Par contre le Rapport mensuel sur l’emploi du Bureau of Labor Statistics/Haver Analytics a été exceptionnel avec plus de 300 000 créations de postes, une augmentation du taux de participation, des heures travaillées et un salaire horaire en hausse de plus de 3% sur un an pour le 3ème mois consécutif/

  1. Création de 312 000 postes et révision des mois d’octobre et novembre de +58 000 postes. En 2018 les créations mensuelles de postes ont été de 220 000/mois après 182 000 en 2017 et 195 000 en 2016.
  2. Un rappel : il faut 120 000 créations de postes par mois pour maintenir le taux de chômage en dessous de 4%.
  3. Le taux de chômage progresse à 3,9% vs 3,7% mais pour une bonne raison : une augmentation de 419 000 personnes de la force de travail. Le sous emploi total, qui inclut toutes les personnes qui pourraient travailler, reste à 7,6% au plus bas depuis 17 ans, alors que le taux de participation progresse à 63,1 vs 62,9 et le taux de participation « prime working age » (25-54 ans) atteint 82,3% et progresse pour la 3ème année consécutive.
  4. Le salaire horaire progresse de 0,4%/mois et de 3,2%/an.
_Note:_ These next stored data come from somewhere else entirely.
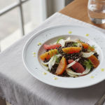 - Incorporation basilic frais ciselé 30 sec avant service (sinon oxydation/noircissement). Vérification assaisonnement : sel réduit 3-4g/kg (olives=sodium), poivre noir moulin. Service à +18-20°C (salade tiède) ou +63°C minimum après bain-marie si liaison chaude.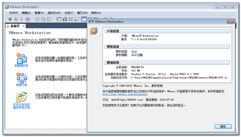 請有使用沐瓏制作的 "VMware Workstation 7.1.0 build-261024 精簡綠色版"的朋友看到了馬上更新一下.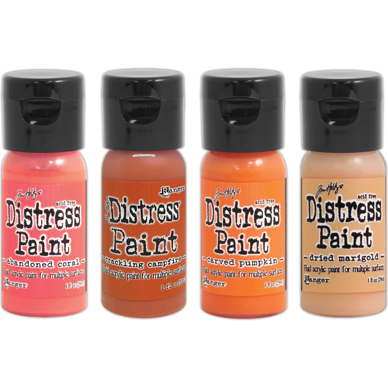 The Tim Holtz Flip Top Distress Paint Foursome Bundle 2 by Ranger is a must-have for any art enthusiast! This kit includes four vibrant colors: Abandoned Coral, Carved Pumpkin, Crackling Campfire, Dried Marigold. The convenient flip tops allow for quick and easy application of the Distress Paints with brushes, blending tools, splatter brushes, and more.

Les PMI asiatiques ont été plutôt rassurants.

Le Caixin China Composite PMI progresse à 52,2 vs 51,9 à un plus haut de 5 mois mais la confiance des répondants reste modérée.
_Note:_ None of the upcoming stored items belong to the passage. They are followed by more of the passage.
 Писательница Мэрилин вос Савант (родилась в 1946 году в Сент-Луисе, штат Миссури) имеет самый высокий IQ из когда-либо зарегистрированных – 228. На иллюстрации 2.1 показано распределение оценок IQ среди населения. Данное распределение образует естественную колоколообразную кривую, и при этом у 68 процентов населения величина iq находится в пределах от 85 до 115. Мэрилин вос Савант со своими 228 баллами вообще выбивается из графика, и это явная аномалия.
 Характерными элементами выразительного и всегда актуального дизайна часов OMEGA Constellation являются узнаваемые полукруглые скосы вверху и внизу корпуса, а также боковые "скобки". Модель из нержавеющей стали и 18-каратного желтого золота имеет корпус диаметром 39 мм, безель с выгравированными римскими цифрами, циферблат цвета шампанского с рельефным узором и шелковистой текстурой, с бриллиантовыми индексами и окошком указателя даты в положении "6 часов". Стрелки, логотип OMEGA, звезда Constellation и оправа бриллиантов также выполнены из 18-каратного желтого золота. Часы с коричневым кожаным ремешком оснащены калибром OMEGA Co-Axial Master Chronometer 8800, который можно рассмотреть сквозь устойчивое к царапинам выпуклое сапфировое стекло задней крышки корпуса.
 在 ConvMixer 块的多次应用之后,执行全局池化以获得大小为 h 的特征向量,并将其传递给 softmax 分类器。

Le Nikkei Japan Manufacturing PMI passe de 52,2 à 52,6 grâce à une hausse de la production et des nouvelles commandes. Si les chefs d’entreprise restent optimistes, leur confiance s’effrite pour le 7ème mois consécutif au plus bas depuis novembre 2016, l’optimisme lié aux jeux olympiques de 2020 est en partie compensé par les craintes de hausses de taxes.
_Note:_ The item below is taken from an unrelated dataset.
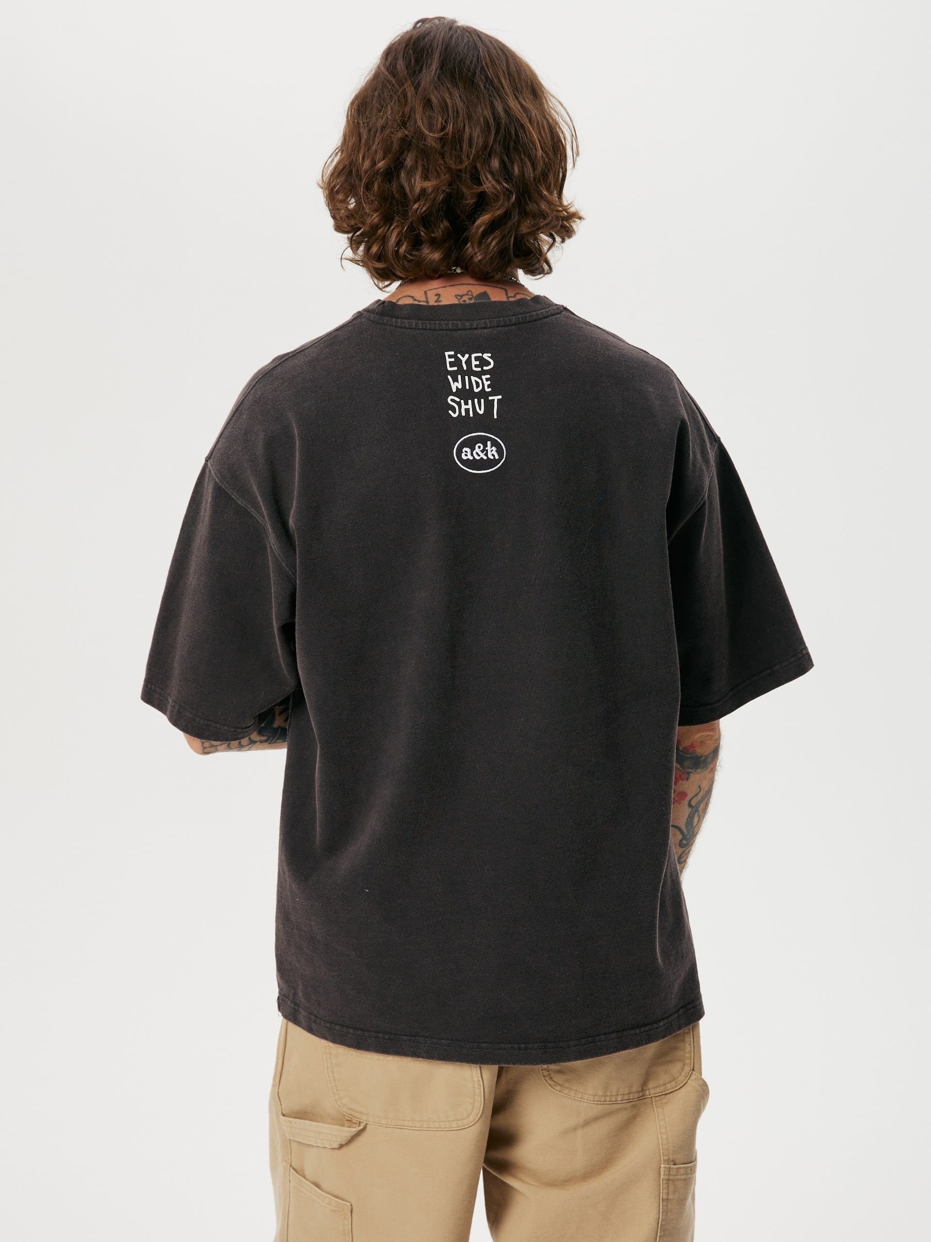 Black t-shirt Amber&Key made from washed cotton. Relaxed fit with a moderately dropped shoulder line. Features a minimalist print and embroidery on the chest and back, inspired by the movie "Eyes Wide Shut". The t-shirt is inspired by a legendary comedic scene where Nicole Kidman, under unique circumstances, asks Tom Cruise: "How do I look?". Main composition: 100% premium quality heavyweight organic cotton, woven in Portugal. 270g, 100% cotton.

Enfin les Nikkei ASEAN Manufacturing PMI sont stables à 50,3 vs 50,4 avec Vietnam à 53,8, Philippines 53,2, Birmanie 52,5, Indonésie 51,2, Thaïlande 50,3, Malaisie 46,8 et Singapour 46.

Selon EPFR Global, l’Eurozone et la Grande-Bretagne sont maintenant les marchés actions les plus sous pondérés dans les allocations globales ; L’Eurozone n’a pas été autant sous pondérée depuis 2013 et les gérants européens sont de plus en plus négatifs tant sur la croissance économique que sur l’évolution des résultats des entreprises. Merrill Lynch ne voit pas d’amélioration à cette situation avant le T2 2019 où les comparables deviendront plus faciles.

Sur les premiers jours de l’année, le rebond des marchés est significatif, EuroStoxx +1,9% et CAC40 +1,2% alors que la semaine a été marquée par le warning d’Apple qui pénalise l’entreprise et ses fournisseurs mais a aussi accentué l’aversion au risque sur les marchés mondiaux.

C’est dans ce contexte qu’il faut comprendre les commentaires gouvernementaux américains sur la reprise des négociations États-Unis/Chine et le dernier discours de Jerome Powell.

Le secteur Pétrole & Gaz (+4%) affiche la meilleure performance de la semaine sur le Stoxx600 grâce au rebond du prix du Brent (+9,9%), il est suivi par les Banques (+3,6%), les Services Financiers (+2,8%) et les Utilities (+2,6%). A la suite de l’avertissement d’Apple, la Technologie (-1,3%) est le seul secteur en recul avec AMS AG (-20,1%) et STMicroelectronics (-10,8%).